> [EXTRACTED ENTRIES]:
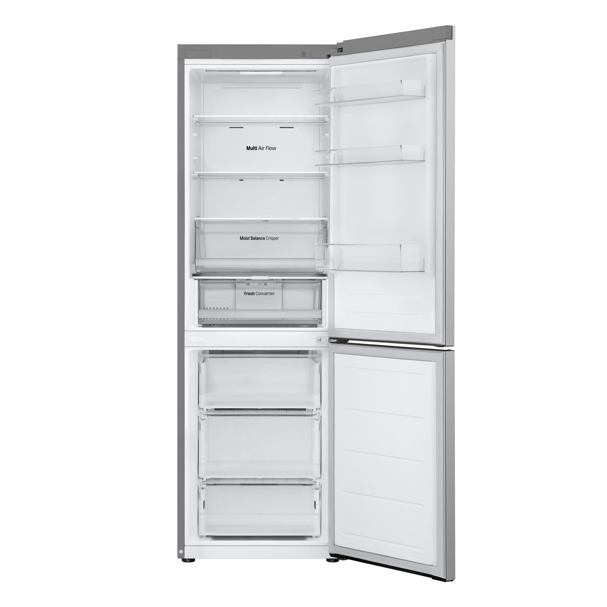 LG GBV3110EPY Frigorifero combinato, Classe E, 344L, Porte piatte, Door Cooling, Fresh Converter, Prime Silver. Capacità netta totale: 344 L. Cerniera porta: Destra, Tipo di display: LED. Classe climatica: T, Emissione acustica: 35 dB. Capacità netta frigorifero: 234 L, No Frost (frigorifero), Sistema Multi-Airflow (frigorifero), Luce interna. Capacità netta congelatore: 110 L, Capacità di congelamento: 8 kg/24h, No Frost (congelatore). Compartimento zona fresca. Classe efficienza energetica: E, Consumo energetico annuo: 267 kWh
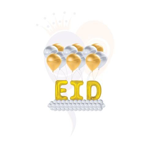 تصميم بالحروف الطائرة المميزة من بالونايزر لمناسبة العيد بعبارة EID -حروف ذهبي صغيرة مقاس 16 انش مع قاعدة بالونات باللون الفضي و بالونات هيليوم علوية باللونين الفضي و الذهبي
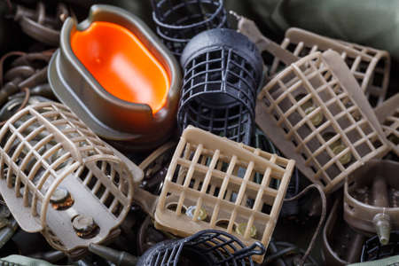 Fishing feeder and reel.fishing tackle gear box.close up of classic fishing feeder case.Fishing tackle background.
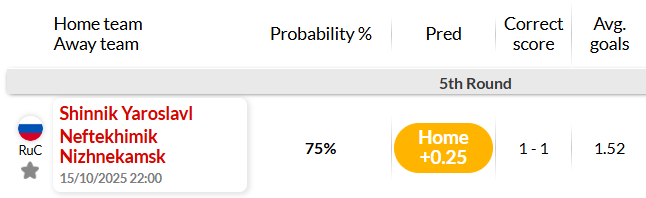 Toàn bộ 7 trận sân nhà của Shinnik kể từ khi mùa 2025/26 khởi tranh đều không xuất hiện nhiều hơn 2 bàn thắng. Kịch bản thực sự quen thuộc này dự kiến tái diễn khi Shinnik so tài cùng Neftekhimik vào thứ Tư (15/10).
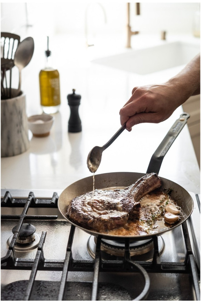 Wykonana ze stali węglowej, zabezpieczona naturalnym woskiem pszczelim, ta patelnia doskonale sprawdza się w smażeniu, grillowaniu i przyrumienianiu potraw. Jest idealna do podkreślania smaku dzięki tzw. reakcji Maillarda, podczas której dochodzi do karmelizacji naturalnych soków na powierzchni żywności, utrzymując jednocześnie jej miękkość w środku. Dzięki temu procesowi potrawy nabierają głębokiego aromatu i intensywnego smaku.
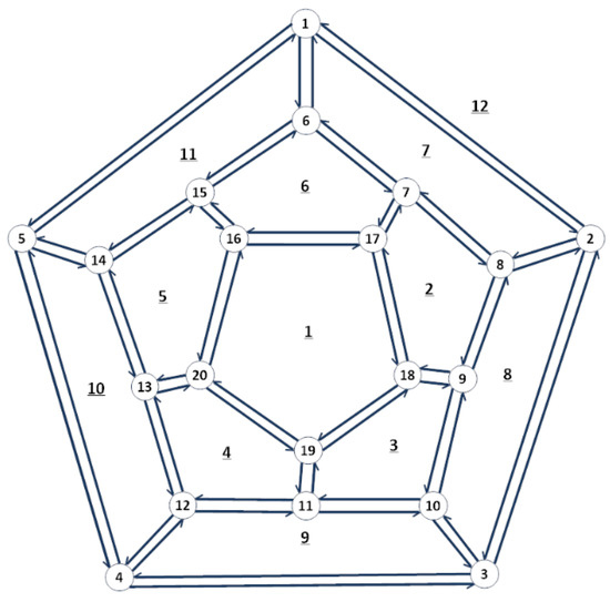 We label the cycles of the dodecahedron in underlined numbers and choose a random orientation for each cycle (clockwise for the inside cycles, counterclockwise for the outside one). Adjacent cycles, such as 11 and 6, have one link in common; however, this link is traveled in one direction in one cycle, and in the opposite direction in the adjacent one. As we will indeed show, when de-duplicating the links into graph arrows, this allows us to associate the direct graph arrow to one cycle, and its inverse, to the other. In Table 1, we present the graph-arrow description of the cycles, in which we have deduplicated the links into two arrows which are inverse to one another. This table shows the correspondence between nodes and cycles, and can furthermore be used to generate the cycles–links incidence matrix B.

> [EXERCISE GOAL]:
Starting from the line with "Fishing feeder and" in the records above, repeat each line exactly until you have written the line with "Toàn bộ 7 trận", then stop; drop the pictures.

> [RESPONSE TO THIS TASK]:
 Fishing feeder and reel.fishing tackle gear box.close up of classic fishing feeder case.Fishing tackle background.
 Toàn bộ 7 trận sân nhà của Shinnik kể từ khi mùa 2025/26 khởi tranh đều không xuất hiện nhiều hơn 2 bàn thắng. Kịch bản thực sự quen thuộc này dự kiến tái diễn khi Shinnik so tài cùng Neftekhimik vào thứ Tư (15/10).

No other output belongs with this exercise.